# YOUR ASSIGNMENT:
What's needed is an exact copy of all the data below, without pictures.

# DATA BELOW:
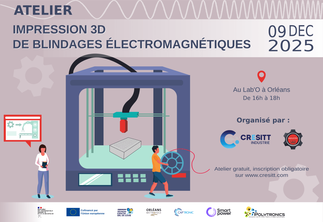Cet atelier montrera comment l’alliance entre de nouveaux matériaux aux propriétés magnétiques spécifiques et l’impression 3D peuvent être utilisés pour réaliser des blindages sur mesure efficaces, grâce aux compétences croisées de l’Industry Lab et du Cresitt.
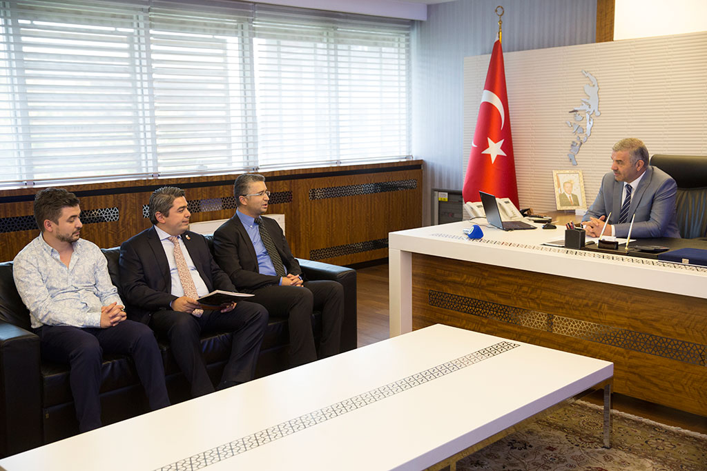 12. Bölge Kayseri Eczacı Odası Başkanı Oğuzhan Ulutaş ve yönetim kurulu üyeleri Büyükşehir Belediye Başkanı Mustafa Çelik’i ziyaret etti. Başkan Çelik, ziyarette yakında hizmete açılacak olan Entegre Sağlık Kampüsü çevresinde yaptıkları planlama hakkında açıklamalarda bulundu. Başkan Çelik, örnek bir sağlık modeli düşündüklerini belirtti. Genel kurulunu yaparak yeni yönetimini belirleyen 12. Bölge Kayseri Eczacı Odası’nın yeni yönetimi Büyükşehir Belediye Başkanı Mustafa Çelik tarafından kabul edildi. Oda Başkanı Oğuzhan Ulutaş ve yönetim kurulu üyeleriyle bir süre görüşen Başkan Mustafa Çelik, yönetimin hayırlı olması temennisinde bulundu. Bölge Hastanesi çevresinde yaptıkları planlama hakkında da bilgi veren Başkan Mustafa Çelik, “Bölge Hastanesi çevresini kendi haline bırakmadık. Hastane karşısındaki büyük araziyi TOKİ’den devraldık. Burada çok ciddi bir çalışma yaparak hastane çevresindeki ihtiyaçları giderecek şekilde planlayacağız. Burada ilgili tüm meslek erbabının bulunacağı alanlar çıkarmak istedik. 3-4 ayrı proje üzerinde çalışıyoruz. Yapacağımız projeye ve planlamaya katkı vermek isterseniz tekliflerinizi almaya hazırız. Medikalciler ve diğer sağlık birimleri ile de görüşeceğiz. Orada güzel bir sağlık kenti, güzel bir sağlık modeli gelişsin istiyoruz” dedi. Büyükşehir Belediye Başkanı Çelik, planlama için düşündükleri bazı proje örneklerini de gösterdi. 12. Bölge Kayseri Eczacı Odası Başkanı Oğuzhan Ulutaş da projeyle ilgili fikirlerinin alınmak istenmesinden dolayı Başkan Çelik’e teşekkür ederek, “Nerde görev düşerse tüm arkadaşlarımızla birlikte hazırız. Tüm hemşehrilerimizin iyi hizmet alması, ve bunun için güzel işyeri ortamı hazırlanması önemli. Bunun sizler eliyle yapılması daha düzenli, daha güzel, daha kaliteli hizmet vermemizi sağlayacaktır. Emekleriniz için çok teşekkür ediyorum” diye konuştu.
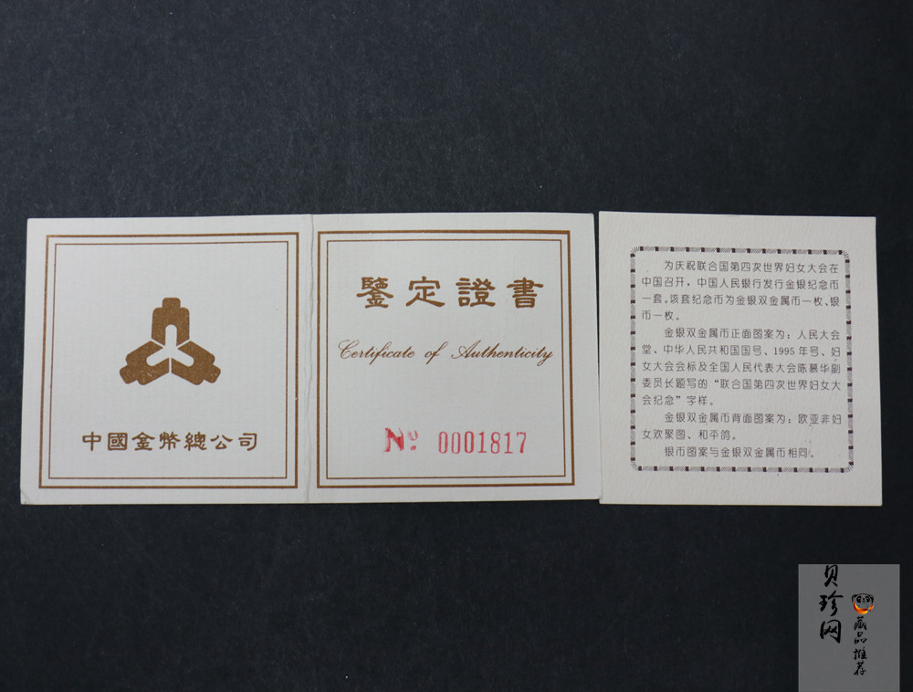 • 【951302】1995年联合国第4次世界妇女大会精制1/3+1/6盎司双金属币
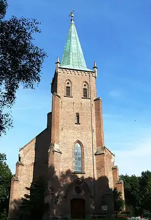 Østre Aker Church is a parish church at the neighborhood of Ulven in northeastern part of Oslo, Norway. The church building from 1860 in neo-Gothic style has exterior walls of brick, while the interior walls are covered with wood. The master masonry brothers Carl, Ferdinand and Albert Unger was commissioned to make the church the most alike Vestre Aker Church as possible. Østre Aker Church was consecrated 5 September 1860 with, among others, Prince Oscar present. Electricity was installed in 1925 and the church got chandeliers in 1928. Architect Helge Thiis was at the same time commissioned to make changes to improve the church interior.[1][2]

# FINISHED EXERCISE:
Cet atelier montrera comment l’alliance entre de nouveaux matériaux aux propriétés magnétiques spécifiques et l’impression 3D peuvent être utilisés pour réaliser des blindages sur mesure efficaces, grâce aux compétences croisées de l’Industry Lab et du Cresitt.
 12. Bölge Kayseri Eczacı Odası Başkanı Oğuzhan Ulutaş ve yönetim kurulu üyeleri Büyükşehir Belediye Başkanı Mustafa Çelik’i ziyaret etti. Başkan Çelik, ziyarette yakında hizmete açılacak olan Entegre Sağlık Kampüsü çevresinde yaptıkları planlama hakkında açıklamalarda bulundu. Başkan Çelik, örnek bir sağlık modeli düşündüklerini belirtti. Genel kurulunu yaparak yeni yönetimini belirleyen 12. Bölge Kayseri Eczacı Odası’nın yeni yönetimi Büyükşehir Belediye Başkanı Mustafa Çelik tarafından kabul edildi. Oda Başkanı Oğuzhan Ulutaş ve yönetim kurulu üyeleriyle bir süre görüşen Başkan Mustafa Çelik, yönetimin hayırlı olması temennisinde bulundu. Bölge Hastanesi çevresinde yaptıkları planlama hakkında da bilgi veren Başkan Mustafa Çelik, “Bölge Hastanesi çevresini kendi haline bırakmadık. Hastane karşısındaki büyük araziyi TOKİ’den devraldık. Burada çok ciddi bir çalışma yaparak hastane çevresindeki ihtiyaçları giderecek şekilde planlayacağız. Burada ilgili tüm meslek erbabının bulunacağı alanlar çıkarmak istedik. 3-4 ayrı proje üzerinde çalışıyoruz. Yapacağımız projeye ve planlamaya katkı vermek isterseniz tekliflerinizi almaya hazırız. Medikalciler ve diğer sağlık birimleri ile de görüşeceğiz. Orada güzel bir sağlık kenti, güzel bir sağlık modeli gelişsin istiyoruz” dedi. Büyükşehir Belediye Başkanı Çelik, planlama için düşündükleri bazı proje örneklerini de gösterdi. 12. Bölge Kayseri Eczacı Odası Başkanı Oğuzhan Ulutaş da projeyle ilgili fikirlerinin alınmak istenmesinden dolayı Başkan Çelik’e teşekkür ederek, “Nerde görev düşerse tüm arkadaşlarımızla birlikte hazırız. Tüm hemşehrilerimizin iyi hizmet alması, ve bunun için güzel işyeri ortamı hazırlanması önemli. Bunun sizler eliyle yapılması daha düzenli, daha güzel, daha kaliteli hizmet vermemizi sağlayacaktır. Emekleriniz için çok teşekkür ediyorum” diye konuştu.
 • 【951302】1995年联合国第4次世界妇女大会精制1/3+1/6盎司双金属币
 Østre Aker Church is a parish church at the neighborhood of Ulven in northeastern part of Oslo, Norway. The church building from 1860 in neo-Gothic style has exterior walls of brick, while the interior walls are covered with wood. The master masonry brothers Carl, Ferdinand and Albert Unger was commissioned to make the church the most alike Vestre Aker Church as possible. Østre Aker Church was consecrated 5 September 1860 with, among others, Prince Oscar present. Electricity was installed in 1925 and the church got chandeliers in 1928. Architect Helge Thiis was at the same time commissioned to make changes to improve the church interior.[1][2]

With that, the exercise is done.